Back to the task.... I thought now is the perfect time to revamp some recipes, learn more about heart healthy choices and most importantly...make it taste good???? Does everything healthy HAVE to taste like cardboard? really? Well I've found tons of recipes for dinners and lunches, but I noticed not so many were for breakfast foods and/or baked goods. (uh-uhm, my downfall, obviously) So I took some advice from my bakespace buddies and started researching stuff to "swap" out, so that I could use some of my own favorite recipes, just try to make them healthier.

The first thing that came to mind was my absolute favorite breakfast...Brandied French Toast. (ok, well hubby's pecan waffles are pretty good, but I'll have to work on those next) So this conversion was pretty simple. I just swapped out the eggs for egg beaters, low fat milk for the cream, and used wheat bread instead of white. It still tasted great. So then I decided I'd work on a healthier type syrup, something bursting with flavor. I came up with a Blackberry Concord Wine syrup, made with honey instead of sugar, and my favorite wine, a soft red, from one of our local wineries.

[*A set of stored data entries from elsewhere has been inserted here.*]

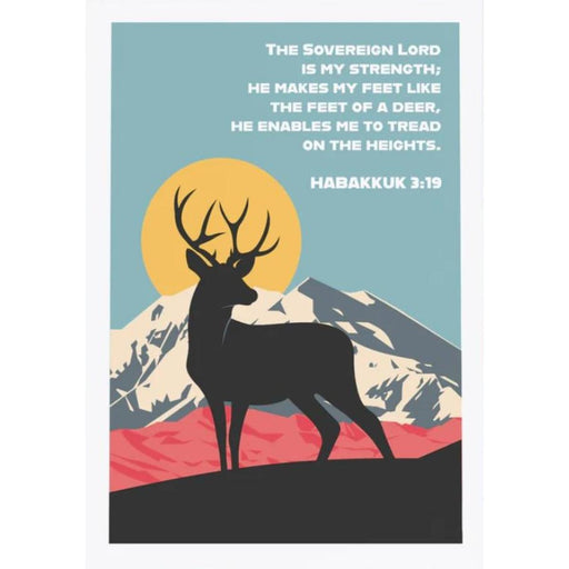 from £9.99Christian themed Ready to Frame art prints. Bold, modern colourful poster. Habakkuk 3:19 poster. "The sovereign Lord is my strength; He makes my fe...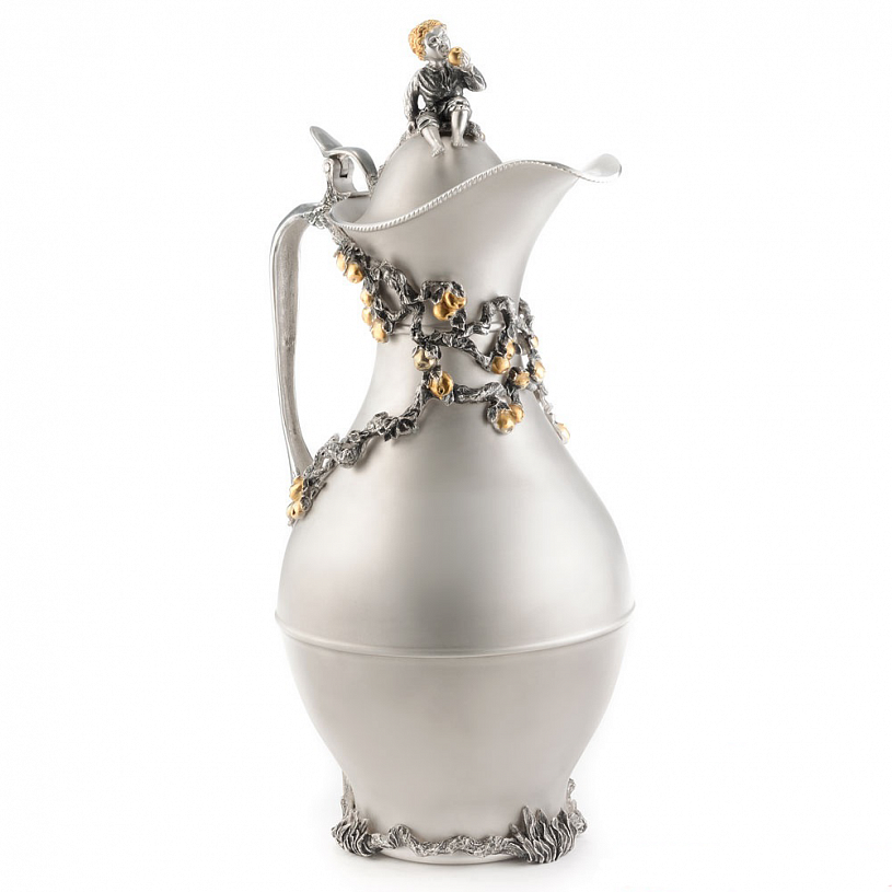 Эксклюзивный кувшин для хранения воды сделан полностью вручную в стиле “старых” мастеров московской ювелирной школы. Объем — 1, 7 литра.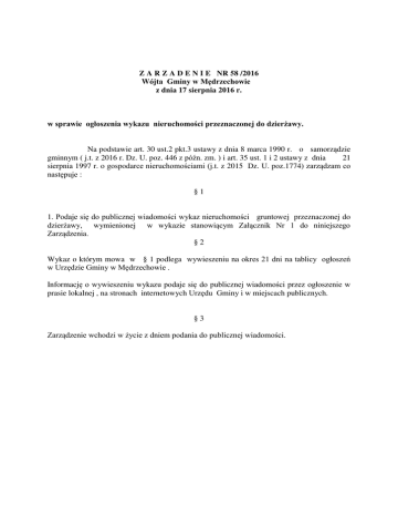 Z A R Z A D E N I E NR 58 /2016 Wójta żminy w Mędrzechowie z dnia 17 sierpnia 2016 r. w sprawie ogłoszenia wykazu nieruchomości przeznaczonej do dzier awy. Na podstawie art. 30 ust.2 pkt.3 ustawy z dnia 8 marca 1990 r. o samorządzie gminnym ( j.t. z 2016 r. Dz. U. poz. 446 z późn. zm. ) i art. 35 ust. 1 i 2 ustawy z dnia 21 sierpnia 1997 r. o gospodarce nieruchomościami (j.t. z 2015 Dz. U. poz.1774) zarządzam co następuje : §1 1. Podaje się do publicznej wiadomości wykaz nieruchomości gruntowej przeznaczonej do dzierżawy, wymienionej w wykazie stanowiącym Załącznik Nr 1 do niniejszego Zarządzenia. §2 Wykaz o którym mowa w § 1 podlega wywieszeniu na okres 21 dni na tablicy ogłoszeń w Urzędzie Gminy w Mędrzechowie . Informację o wywieszeniu wykazu podaje się do publicznej wiadomości przez ogłoszenie w prasie lokalnej , na stronach internetowych Urzędu Gminy i w miejscach publicznych. §3 Zarządzenie wchodzi w życie z dniem podania do publicznej wiadomości. Załącznik Nr 1do Zarządzenia Nr 58/2016 Wójta Gminy w Mędrzechowie z dnia 17 sierpnia 2016 r. w sprawie ogłoszenia wykazu nieruchomości przeznaczonej do dzierżawy. WYKAZ żRUNTÓW ROLNYCH PRZEZNACZONYCH DO DZIER AWY 1. KW TR1D/00043601/7 prowadzona przez Sąd Rejonowy w Dąbrowie Tarnowskiej Wydział IV Ksiąg Wieczystych 2. Część dz. nr 820/2 o pow. 48 m2 położona w Mędrzechowie , której właścicielem jest Gmina Mędrzechów. 3.Na działce będącej przedmiotem dzierżawy posadowiony jest kiosk handlowy na płycie betonowej, nie będący własnością Gminy. 4 .Wyżej wymieniona część działki ( gruntu) zostaje wydzierżawiona z przeznaczeniem na prowadzenie działalności handlowej. 5.Minimalna wysokość miesięcznego czynszu dzierżawnego wynosi 90,00 zł, płatny do 10 dnia każdego miesiąca, powiększony o należny podatek VAT. 6. Dzierżawca zobowiązany jest w okresie trwania dzierżawy do opłacania wszelkich obciążeń publiczno-prawnych z przedmiotu dzierżawy w terminie ich płatności i media. 7. Aktualizacja opłat czynszu może nastąpić w formie pisemnego aneksu, ustalonych na poziomie notowań rynkowych obowiązujących na terenie gminy. 8. Czas trwania umowy- czas nieoznaczony Oferty należy składać do Wójta Gminy Mędrzechów do dnia 20 września 2016 r . W przypadku złożenia dwóch lub więcej ofert zostanie ogłoszony przetarg ustny nieograniczony. Szczegółowe warunki zostaną określone w umowie dzierżawy. Informacji można uzyskać na stanowisku ds. gospodarki gruntami i rolnictwa w Urzędzie Gminy w Mędrzechowie Ip. pokój nr 9 tel. 14/6442429.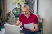 Zdjęcie "Szczęśliwy człowiek patrząc na laptopa siedzi w pokoju" może być wykorzystywane do celów osobistych i komercyjnych zgodnie z warunkami zakupionej licencji Royalty-free. Obraz jest dostępny do pobrania w jakości wysokiej rozdzielczości do 5760x3840.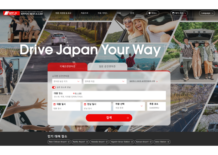 일본 전국을 망라하는 영업소 네트워크 주요 공항(하네다 공항, 나리타 공항, 간사이 국제공항, 신치토세 공항, 후쿠오카 공항, 나하 공항 등)은 물론, 신칸센 정차역(도쿄역, 시나가와역, 나고야역, 교토역, 신오사카역, 신고베역, 히로시마역, 하카타역 등) 바로 근처에는 어김없이 닛폰 렌터카의 빨간 간판이 있습니다. '공항에 도착하자마자 바로 출발', '신칸센으로 이동해 역에서부터는 차로 관광'과 같은 매끄러운 이동이 가능합니다. 닛폰 렌터카 점포 정보는 여기.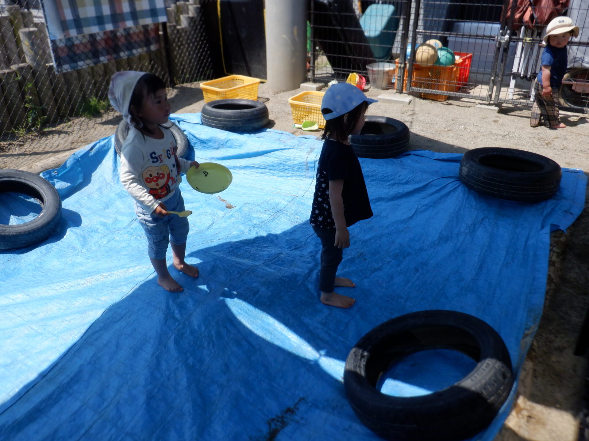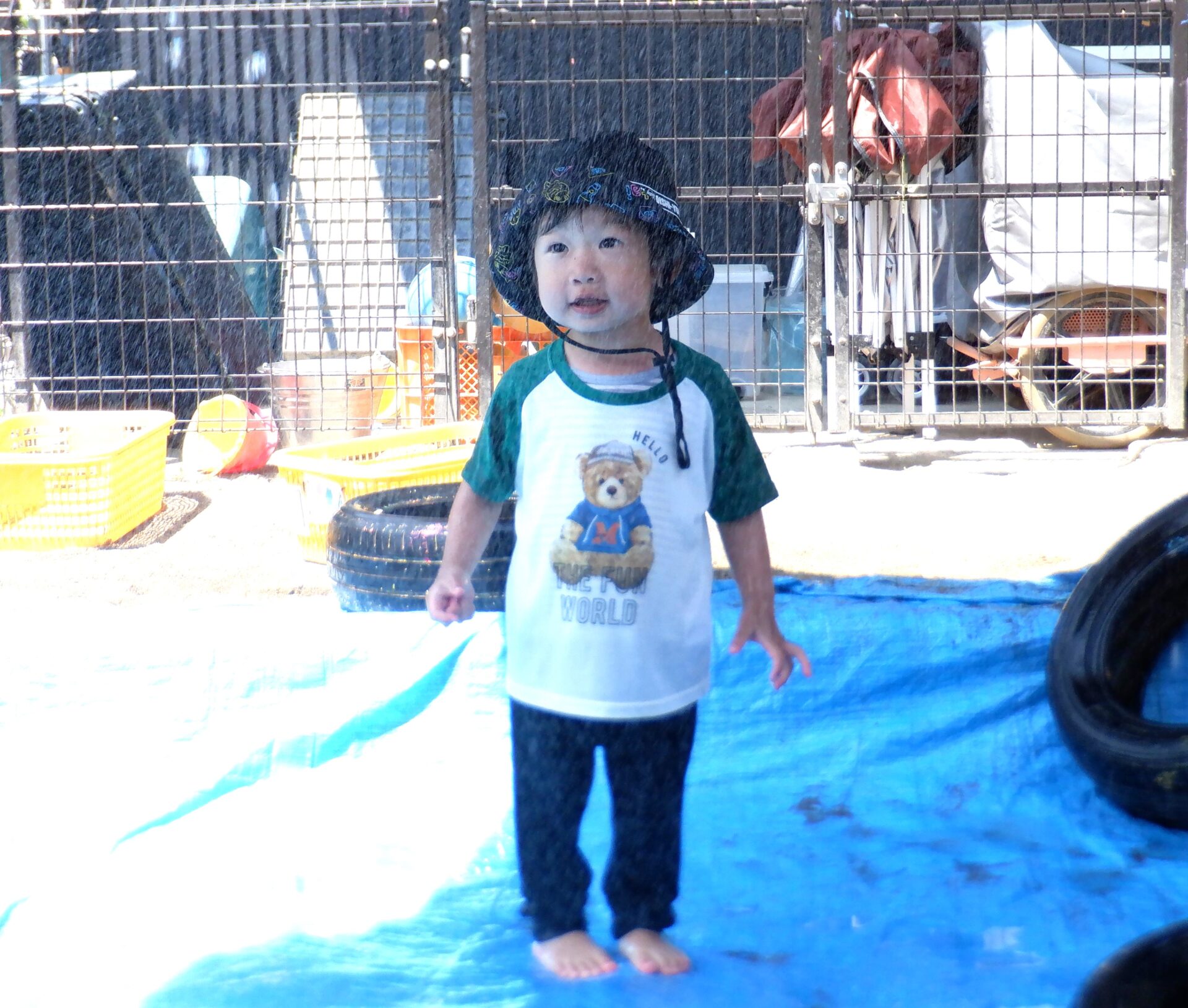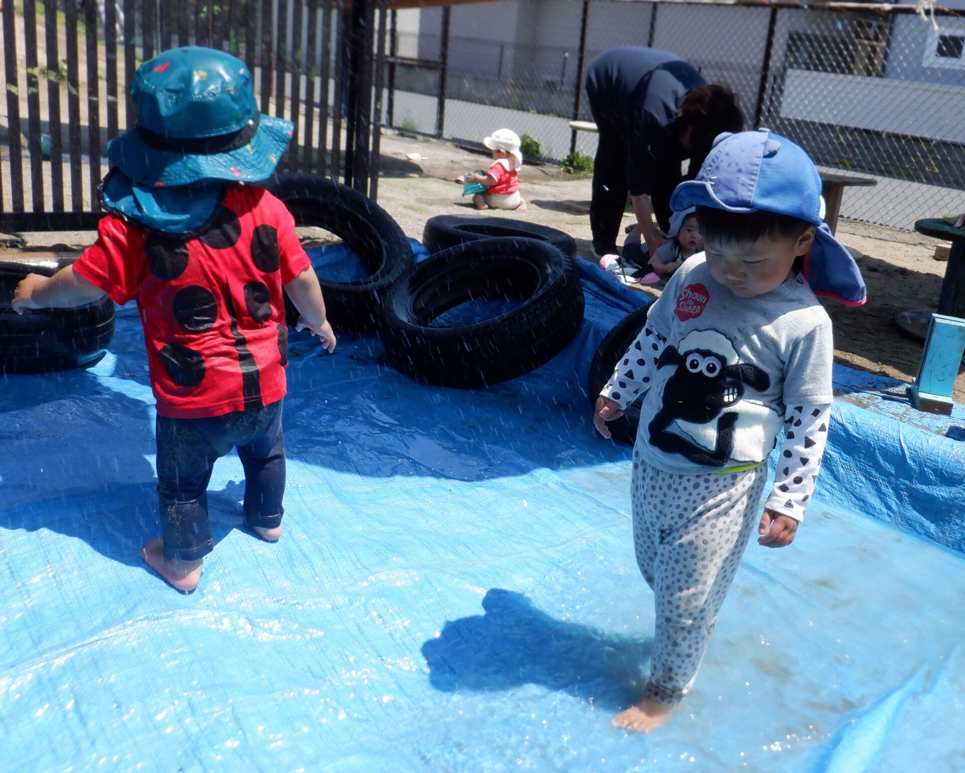 ある気温が高くて暑い日・・・先生が砂場にブルーシートを敷いて何やら準備中・・。

While conjuring up my magic (and feeling pretty good about myself...oh wait...maybe that was from the extra glass or two of wine I had hehehehe) I decided I'd multi-task and do another topping, creating a dish for the Bakespace challenge. This month's challenge was to create a dish using strawberries and eggs. Ah HAH! Perfect. So I dug into the back of the freezer and yup, had some strawberries. Cool. But I wanted to make something slightly different than the syrup first I thought JAM! But alas, not enough sugar (oh wait, I'm trying to do healthier right?) so I opted for a less sugary topping. Still, way less sugar than a jam or jelly. Here's the recipe for the Strawberry Concord Wine Fruit Topping. O-M-G good stuff! Now, needless to say, I'm anxiously awaiting the arrival of some baby strawberries....hopefully I can come up with a version suitable for canning. MMM MMM MMM Will I blog about it? Sure....sooner or later.....right now, I think I need a nap!